Transcribe exactly, and without pictures, the lines from the one that contains "②我校篮球项目仅限5人制比赛" through the last line of the material.

------ Data shown ------

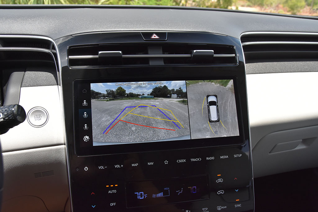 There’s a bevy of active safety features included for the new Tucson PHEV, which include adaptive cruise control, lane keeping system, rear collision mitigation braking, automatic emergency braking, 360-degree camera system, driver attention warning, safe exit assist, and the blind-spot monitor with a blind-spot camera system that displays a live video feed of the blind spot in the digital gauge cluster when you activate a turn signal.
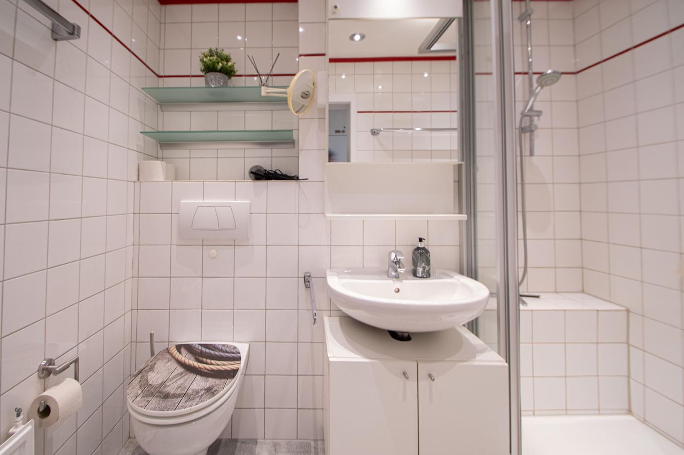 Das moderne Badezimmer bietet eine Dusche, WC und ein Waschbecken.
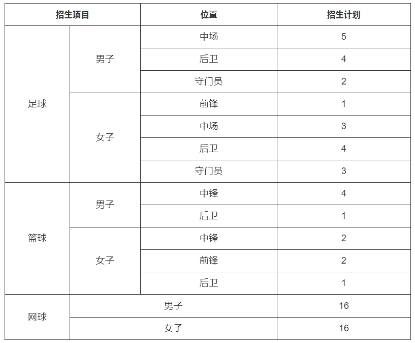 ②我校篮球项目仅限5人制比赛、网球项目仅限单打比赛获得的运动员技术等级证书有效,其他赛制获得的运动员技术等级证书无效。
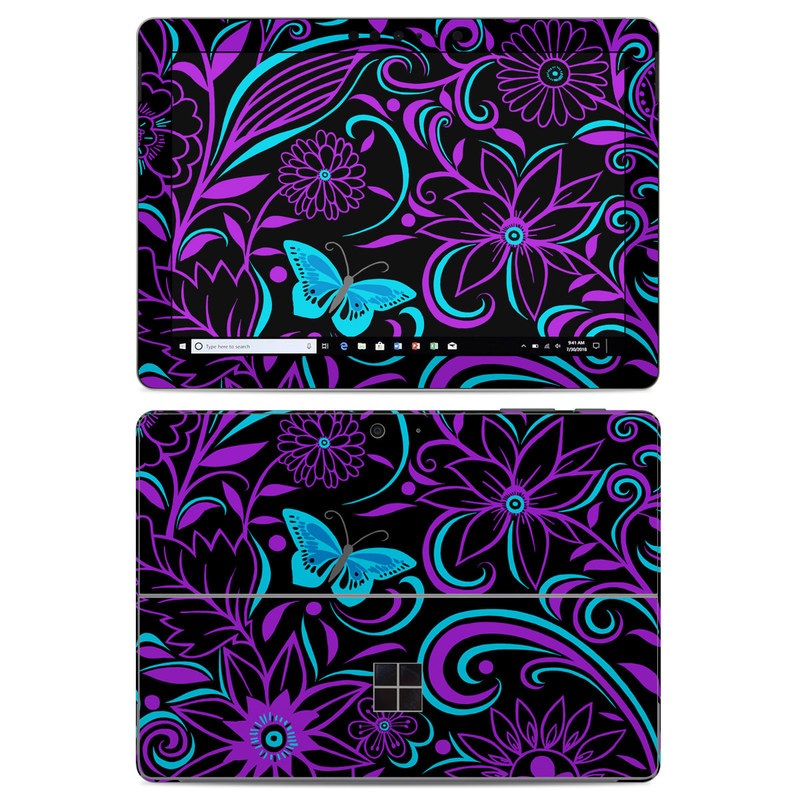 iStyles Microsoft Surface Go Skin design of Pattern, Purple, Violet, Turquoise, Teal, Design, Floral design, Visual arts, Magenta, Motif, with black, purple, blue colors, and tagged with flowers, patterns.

------

**Task response**
 ②我校篮球项目仅限5人制比赛、网球项目仅限单打比赛获得的运动员技术等级证书有效,其他赛制获得的运动员技术等级证书无效。
 iStyles Microsoft Surface Go Skin design of Pattern, Purple, Violet, Turquoise, Teal, Design, Floral design, Visual arts, Magenta, Motif, with black, purple, blue colors, and tagged with flowers, patterns.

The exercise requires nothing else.